Oldest Teahouse in China
Next door to the Yu Gardens and Bazaar stands another Chinese architectural delight, a classical Pavilion known as Huxinting Teahouse, with its highly decorative upward curving eaves. The pavilion in the Old Town is regarded as the oldest existing traditional Chinese teahouse in China. The Teahouse, built about the same time as Yu Yuan Garden, and originally part of the Yu Garden, (Ming dynasty 1368~1644), stands in the middle of a lake with goldfish, lotus ponds and statues.
Willow Pattern Teahouse
In 1784, cotton merchants restored and expanded the building for use as a brokerage house. In 1855, after orders for its restoration from Emperor Xian Feng (Qing Dynasty 1644-1911), the pavilion served as a teahouse with the name “Wanzai xuan” (the Willow Pattern Teahouse). The pavilion appearing on the popular blue and white Willow Pattern design crockery of the 18th and 19th centuries is perhaps based on Huxinting teahouse.

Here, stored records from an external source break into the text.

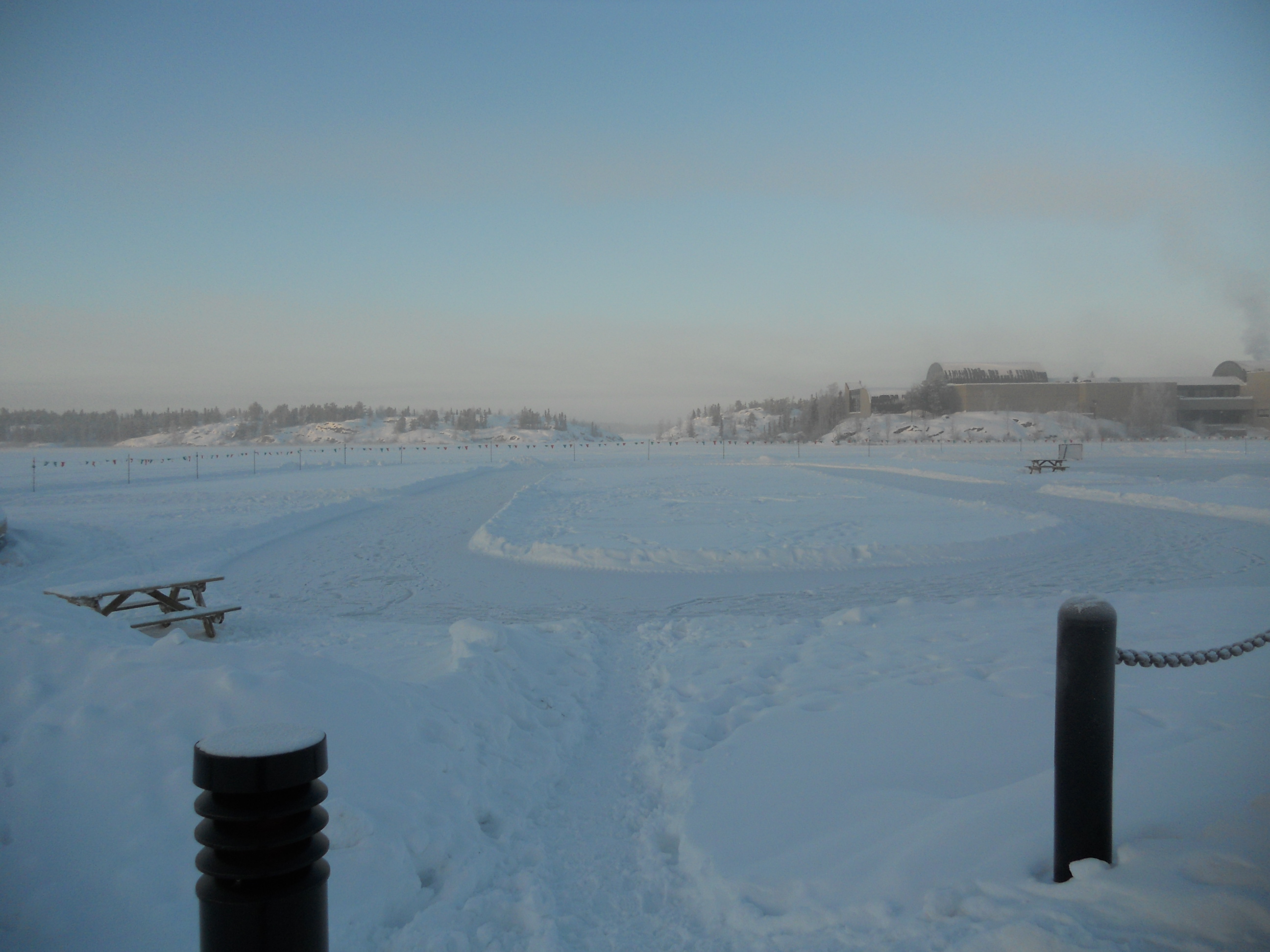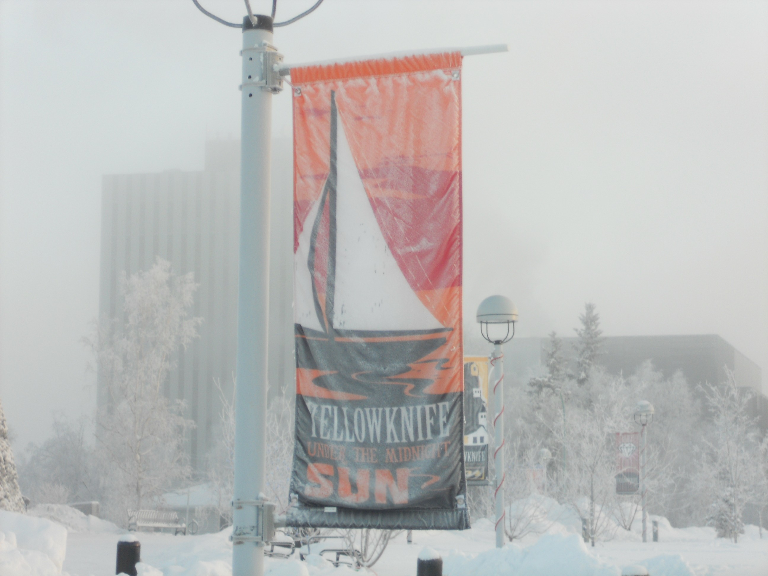 After the excitement over Christmas, there was the added excitement of a power cut this year, on December 29th, for about 3 hours. Power cuts occur all the time in Yellowknife, but not often for such a length of time. They’re definitely more tolerable during the summer than during the winter. In summertime, I simply get out my candles and I don’t worry about it. But when there’s no power in wintertime, I am reminded of how dependent we are on electricity for basic survival. Without a generator or a gas stove, I have no means of generating heat of any kind. I can’t even boil water to make some tea to warm my body. My car might be a source of heat, but if it’s really cold it won’t start without a block heater, and I have no way to run the block heater without power either. It’s a bit scary when I think about it, so I don’t think about it. I just put on another layer of clothing and hope that the power is restored before I start to freeze. I feel like one of those banners around town that advertise the city of Yellowknife: frozen and shrouded in fog, but holding on to images of sunny summer days.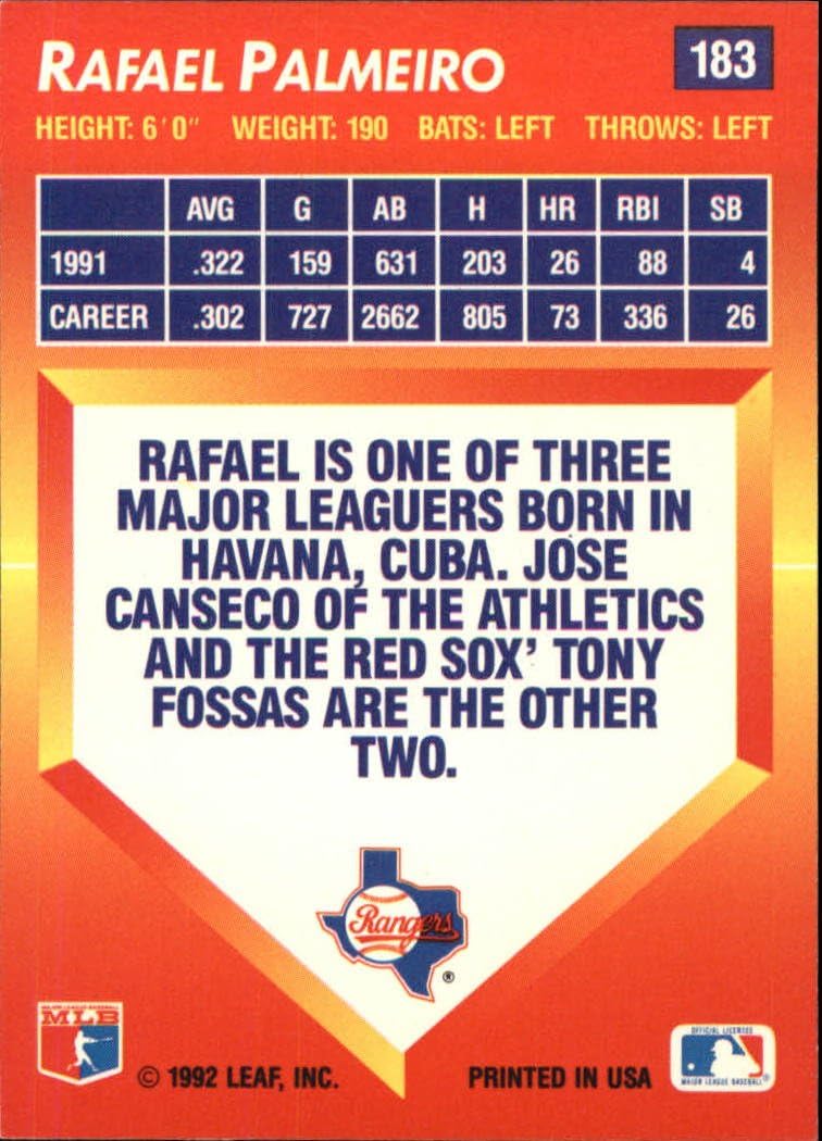 1992 Leaf Rafael Palmeiro #183 Texas Rangers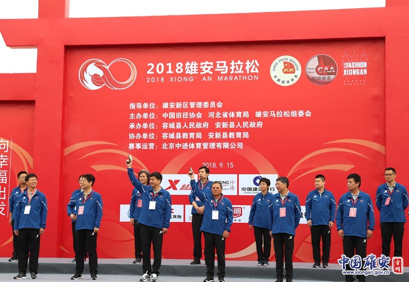 河北省委常委、副省长,雄安新区党工委书记、管委会主任陈刚(左起三),中国田径协会主席段世杰(左起四)为2018雄安马拉松鸣枪。记者崔利杰 摄
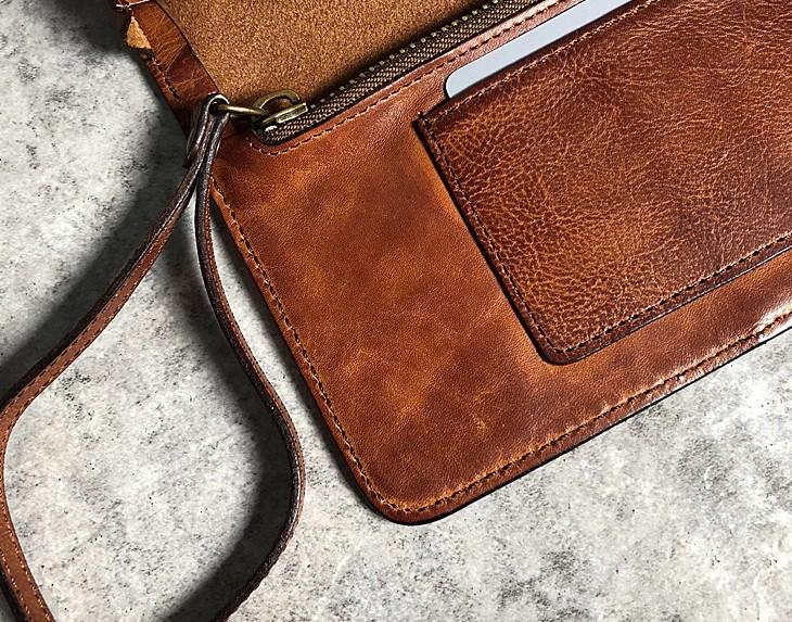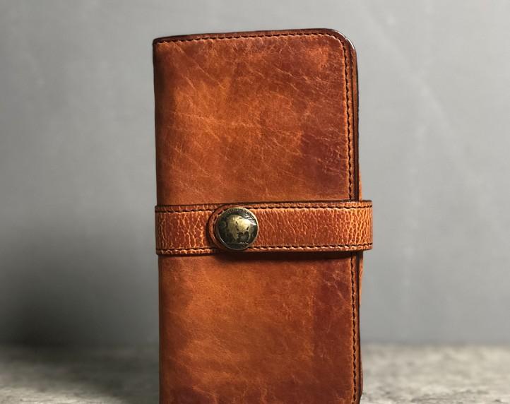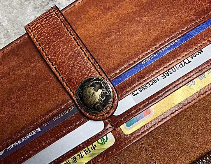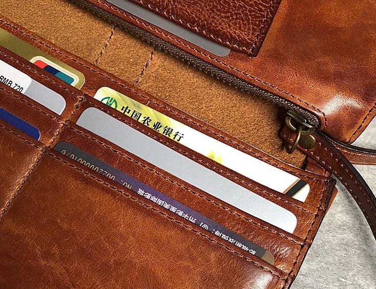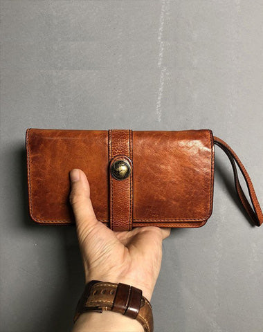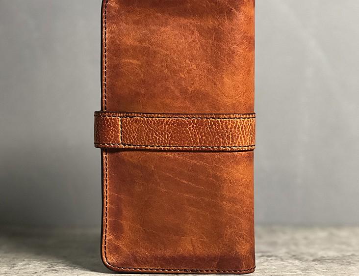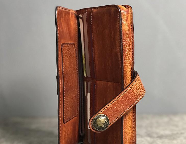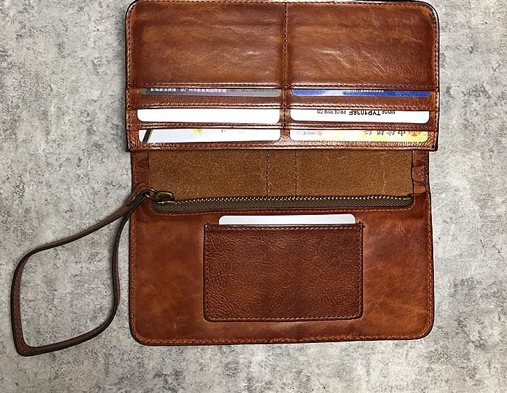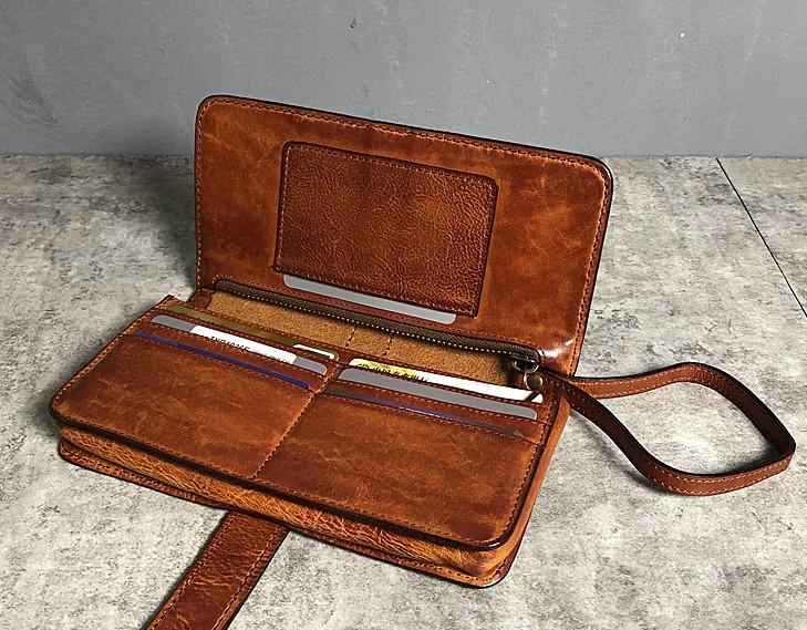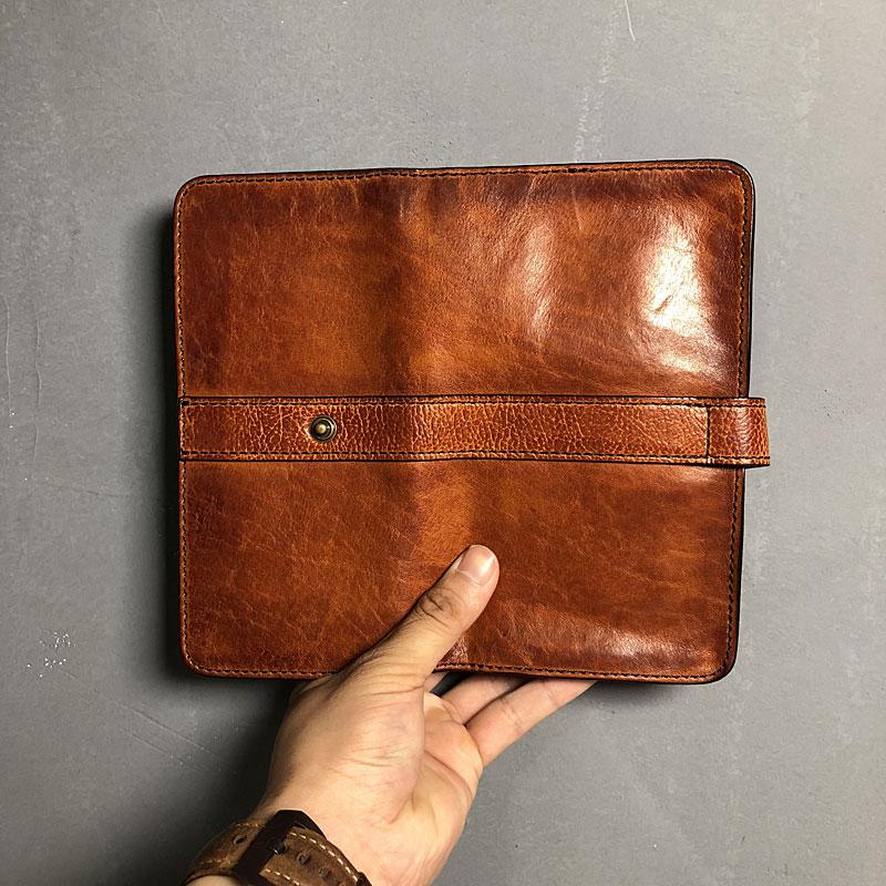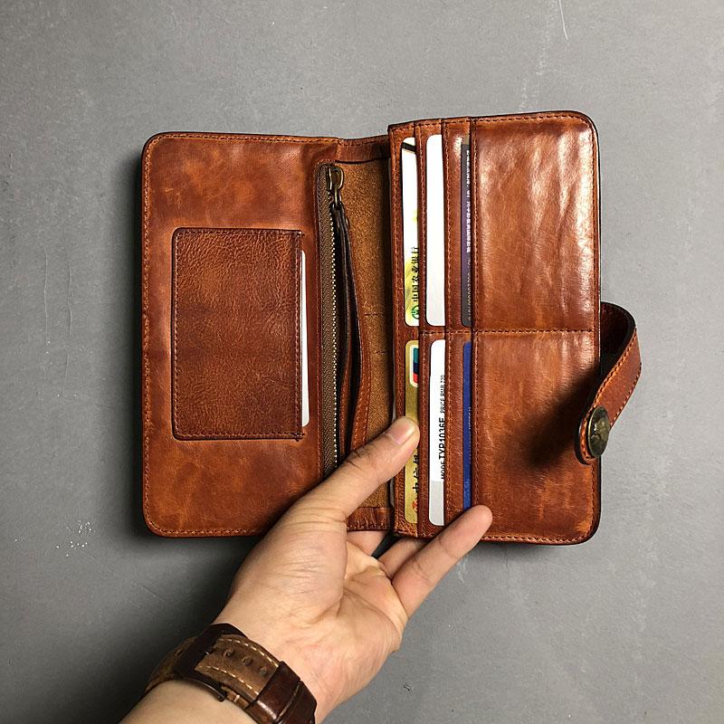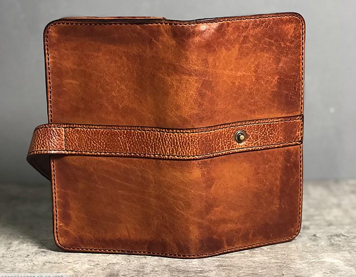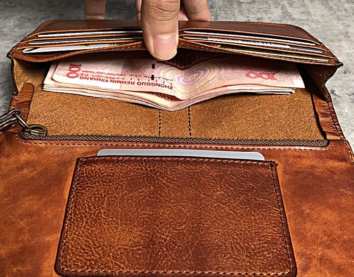 Design: Handmade Genuine Leather Mens Cool Long Leather Wallet Biker Wallet Zipper Clutch Wristlet Wallet for Men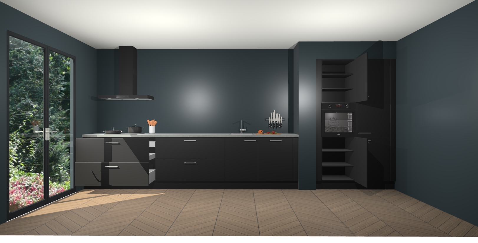 Maak kennis met de Zwarte keuken Calgary - de perfecte aanvulling voor uw moderne keuken! Ervaar tijdloos design, elegantie en een chique uitstraling met onze handgrepen, soft-close deuren en veel opbergruimte. Dit alles wordt aangeboden tegen een vaste lage prijs voor ongeëvenaarde Duitse keukenkwaliteit!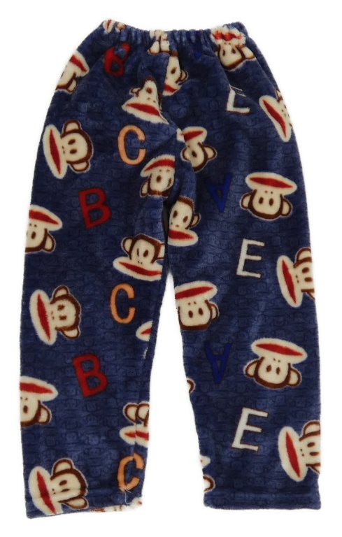 Tmavomodré chlupaté domácí kalhoty s opičkami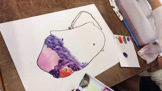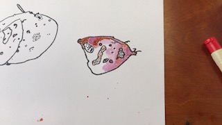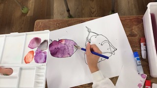 赤、青、茶を使って自分だけのおいもの色を作って塗りました。
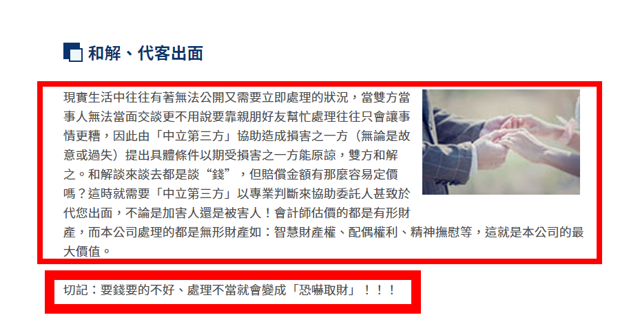 一統國際商業顧問 “抄”棒的! 1) 文字可以抄襲,專業能力無法復刻 2) 一統商務顧問網站 創立時間:109年 3) 簡敏丞博士網站創立時間:108年 3.1) ※簡敏丞博士的官方網站製作時間比抄襲業者早了一年多 4) 相似度99%!只差未複製簡敏丞博士這個招牌! 文字可以抄襲,專業能力無法復刻 這就是人人害怕徵信的原因,我也害怕!強大的徵信業者龍頭,網站上內容竟然可以完全照抄!只有把簡博士三個字刪除,這樣的商業品質真的能帶給委託人專業的服務嗎? 一統商務顧問網站 創立時間:109年 簡敏丞博士網站創立時間:108年 ※簡敏丞博士的官方網站製作時間比抄襲業者早了一年多 ※連簡敏丞博士主筆的口吻也一併照抄,只改了創作者簡敏丞博士的名號,連最後一句slogan也挪為己用。 ※成立不到一年的協議協商公司,前身為徵信業者,試問如何有近十年的協商經驗?我們認為,沒有無法解決的案件,只有找不到對的人幫助,各位委託人還請睜大您雪亮的雙眼,選擇最專業最有保障的服務。 標題內容:一統國際商務顧問有限公司-商務、婚姻、法律、協議、協商、和解、蒐證、調查暨各類專業人士團隊服務內文:本公司專門處理商務、婚姻及法律各類非訴訟案件 (如老闆或投資人要實際參考的盡職調查、中國大陸企業信用調查報告、其他各類協議、協商、和解、蒐證、調查)。 標題內容:簡敏丞商務顧問-商務、婚姻、法律、協議、協商、和解、蒐證、調查暨各類專業人士團隊服務內文:時間就是金錢,本公司專門處理商務、婚姻及法律各類非訴訟案件 (如老闆或投資人要實際參考的盡職調查(Due Diligence,簡稱 DD)、中國大陸企業信用調查報告、其他各類協議、協商、和解、蒐證、調查)。您的信任+我們的中立專業協助= 節省您寶貴時間及金錢,全程保密不公開 (本公司最注重委任方公司及個案隱私) + 中立專業的第三人 (本公司確認核實國內外事務所之法律文件,並仔細聆聽並中立辦理各類糾紛、和解、協商) = 以本公司各專業團隊來節省您或貴公司寶貴的時間。 相似度99%!只差未複製簡敏丞博士這個招牌! Post Views 瀏覽次數 : 156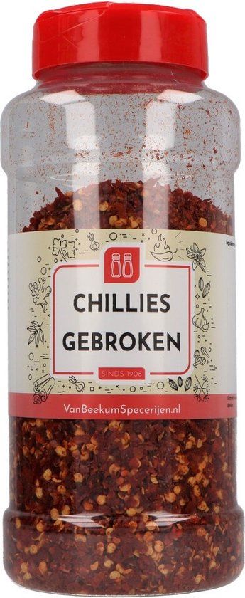 Chillies gebroken, ofwel chiliflakes zijn een musthave voor iedereen die van pittig eten houdt. De meeste 'hitte' zit in de zaadlijsten. Bij gedroogde chilivlokken is de hele chilipeper gemalen, inclusief de zaadlijsten. Je kunt met dit geweldige specerij uit de voeten tijdens het bakken, grillen en stoven.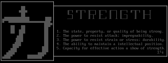 1. The state, property, or quality of being strong. 2. The power to resist attack impregnability. 3. The power to resist strain or stress durability. 4. The ability to maintain a intellectual position. 5. Capacity for effective action a show of strength.

Restoration of the Pavilion took place again, over 100 years later, with the teahouse re-opened to the public in 1965. Now known as Huxinting Teahouse, Huxinting literally translates to “mid-lake Pavilion”, as the teahouse sits on stilts in the middle of a rectangular lake. The lake, swimming with brightly colored golden carp provides a lovely outlook from windows of the pavilion while sipping tea. Access to the Teahouse is via a zig zag bridge across the lake, the bridge known as Bridge of Nine Turnings designed to frustrate evil spirits who prefer to travel in straight lines!
Classical Chinese Pavilion
Unfortunately I didn’t get back to ‘sip tea’ at this beautiful classical Chinese Teahouse on the lake. Our tour group shared a tea sipping experience in traditional Chinese style with exotic flowering teas while in Beijing, however, the teahouse in Beijing, although very interesting, isn’t in the class with the classical Chinese pavilion of Huxinting Teahouse. The problem here being, Huxinting Teahouse is so busy, and although it seats 200 patrons, we didn’t have time to queue and wait. Bit of a shame really, but we did have a peek inside.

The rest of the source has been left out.